### GIVEN RECORDS
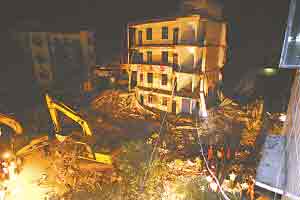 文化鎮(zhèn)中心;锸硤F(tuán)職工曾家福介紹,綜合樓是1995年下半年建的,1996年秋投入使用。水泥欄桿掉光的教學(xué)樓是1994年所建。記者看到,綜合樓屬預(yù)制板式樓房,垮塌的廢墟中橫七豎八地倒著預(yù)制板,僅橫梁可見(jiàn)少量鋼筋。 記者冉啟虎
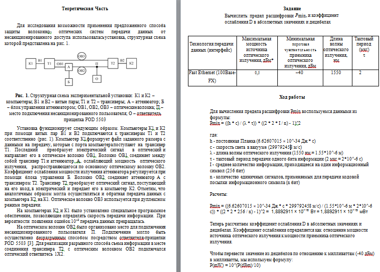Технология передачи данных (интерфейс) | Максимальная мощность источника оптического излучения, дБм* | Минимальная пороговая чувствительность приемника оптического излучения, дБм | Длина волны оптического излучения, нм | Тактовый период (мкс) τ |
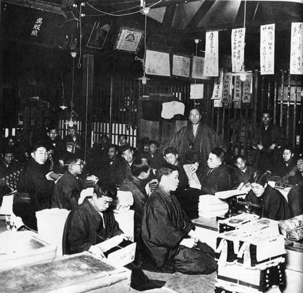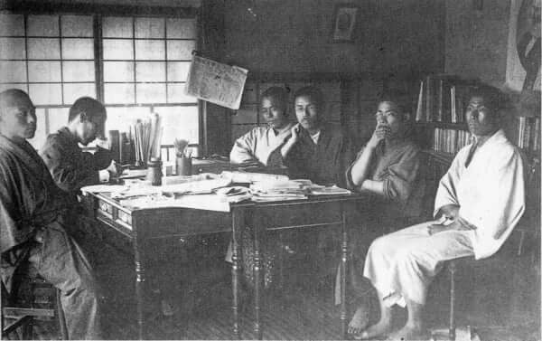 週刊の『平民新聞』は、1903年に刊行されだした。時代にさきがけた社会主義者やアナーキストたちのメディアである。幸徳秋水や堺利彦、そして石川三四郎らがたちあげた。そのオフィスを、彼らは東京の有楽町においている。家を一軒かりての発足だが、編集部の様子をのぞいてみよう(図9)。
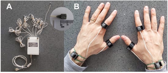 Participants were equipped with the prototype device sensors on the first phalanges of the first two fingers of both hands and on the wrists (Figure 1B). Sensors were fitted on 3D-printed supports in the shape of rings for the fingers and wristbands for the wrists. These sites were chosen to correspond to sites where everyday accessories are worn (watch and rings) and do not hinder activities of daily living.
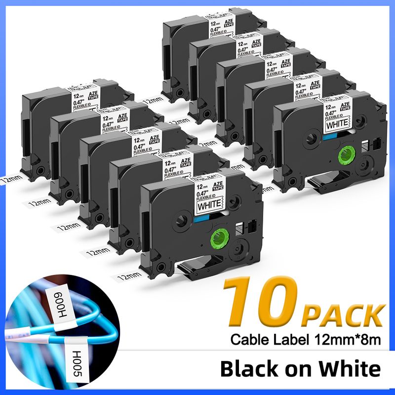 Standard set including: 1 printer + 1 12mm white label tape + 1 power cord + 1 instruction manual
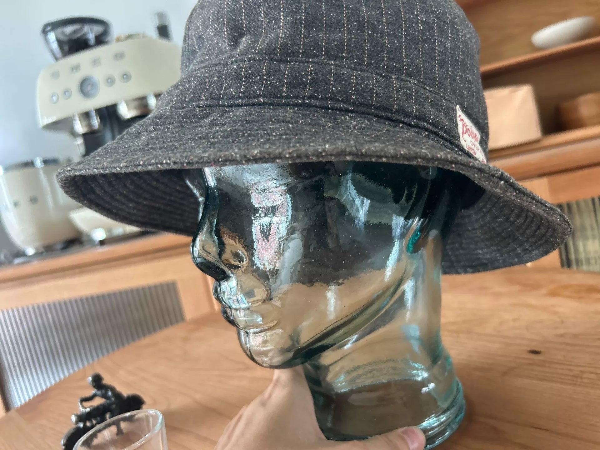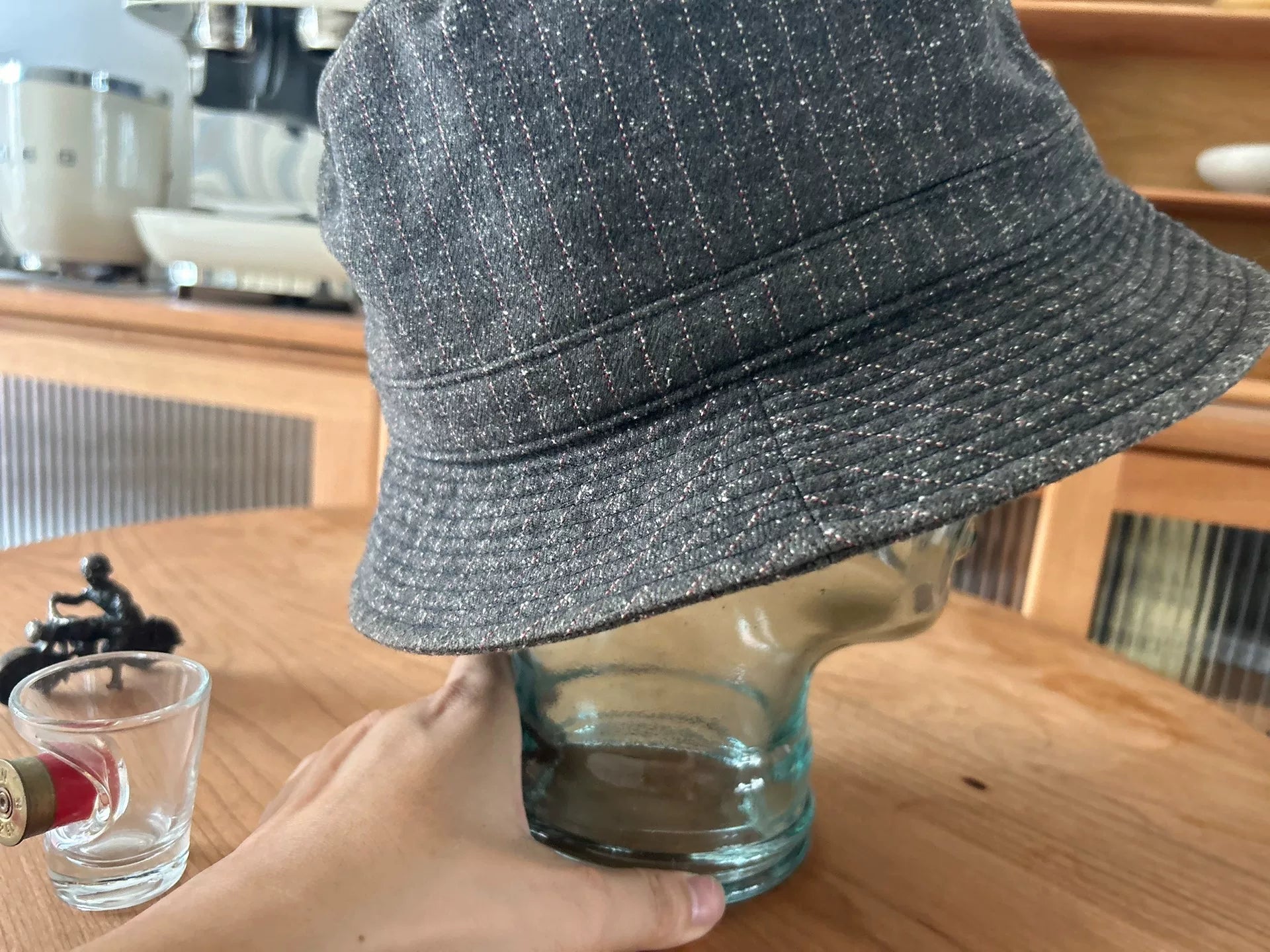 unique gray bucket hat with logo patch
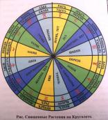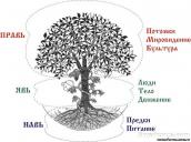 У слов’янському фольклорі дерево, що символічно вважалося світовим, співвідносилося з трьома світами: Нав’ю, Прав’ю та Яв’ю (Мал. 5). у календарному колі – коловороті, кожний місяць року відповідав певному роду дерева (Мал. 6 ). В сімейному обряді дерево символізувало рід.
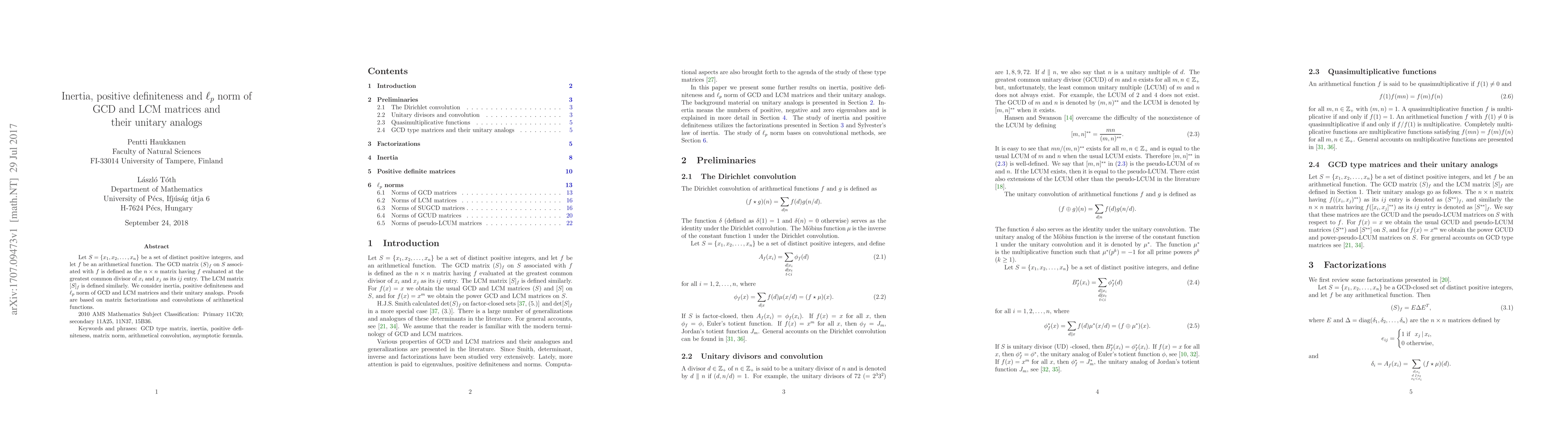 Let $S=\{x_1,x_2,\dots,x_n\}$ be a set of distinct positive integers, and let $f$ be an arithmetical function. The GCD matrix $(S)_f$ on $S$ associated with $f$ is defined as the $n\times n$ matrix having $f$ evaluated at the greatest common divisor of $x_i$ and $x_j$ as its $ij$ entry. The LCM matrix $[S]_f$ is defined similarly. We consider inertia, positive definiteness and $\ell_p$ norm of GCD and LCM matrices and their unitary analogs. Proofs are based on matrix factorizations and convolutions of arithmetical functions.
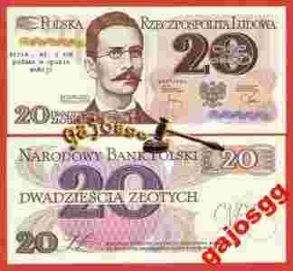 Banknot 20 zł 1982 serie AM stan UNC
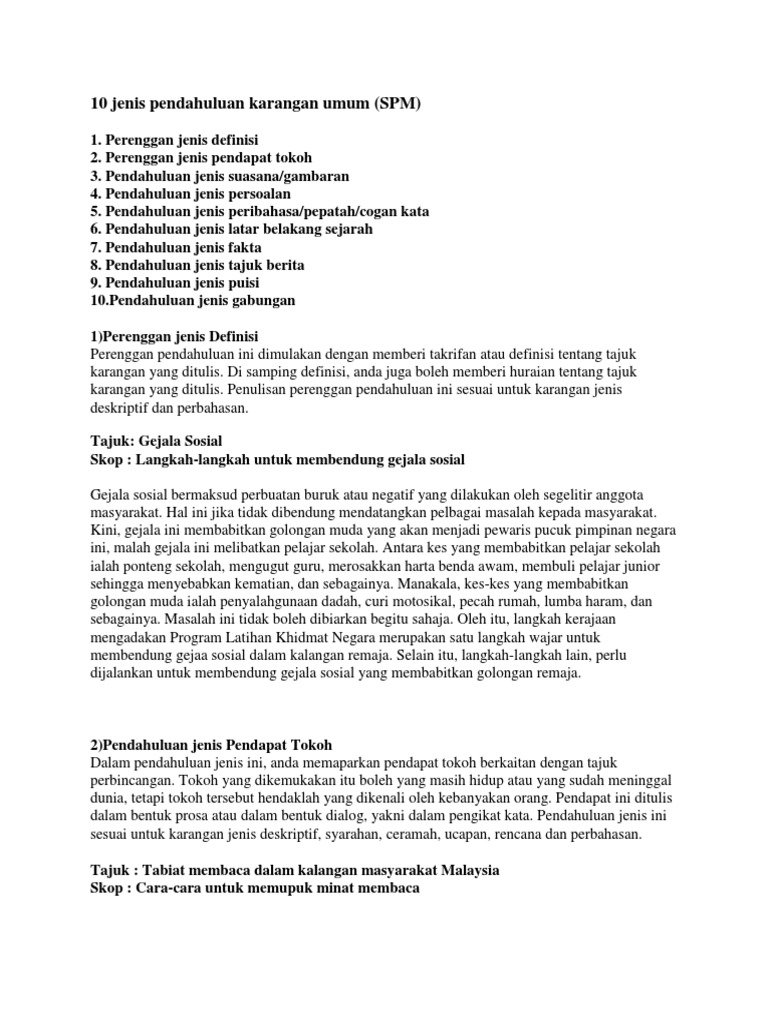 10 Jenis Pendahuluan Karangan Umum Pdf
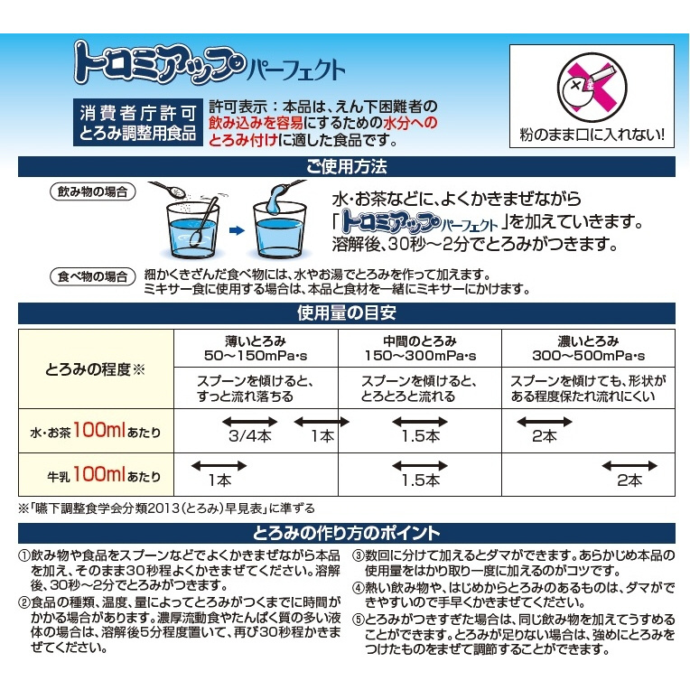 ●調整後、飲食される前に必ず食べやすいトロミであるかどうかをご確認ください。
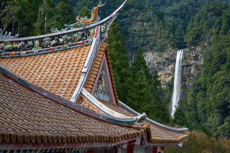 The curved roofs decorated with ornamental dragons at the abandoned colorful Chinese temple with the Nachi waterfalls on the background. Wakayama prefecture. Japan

### PROBLEM
Exactly as written above, retype the lines starting at the one holding "週刊の『平民新聞』は、190" and ending at the one holding "Participants were equipped", both included, but not the pictures.

### WRITTEN RESPONSE
 週刊の『平民新聞』は、1903年に刊行されだした。時代にさきがけた社会主義者やアナーキストたちのメディアである。幸徳秋水や堺利彦、そして石川三四郎らがたちあげた。そのオフィスを、彼らは東京の有楽町においている。家を一軒かりての発足だが、編集部の様子をのぞいてみよう(図9)。
 Participants were equipped with the prototype device sensors on the first phalanges of the first two fingers of both hands and on the wrists (Figure 1B). Sensors were fitted on 3D-printed supports in the shape of rings for the fingers and wristbands for the wrists. These sites were chosen to correspond to sites where everyday accessories are worn (watch and rings) and do not hinder activities of daily living.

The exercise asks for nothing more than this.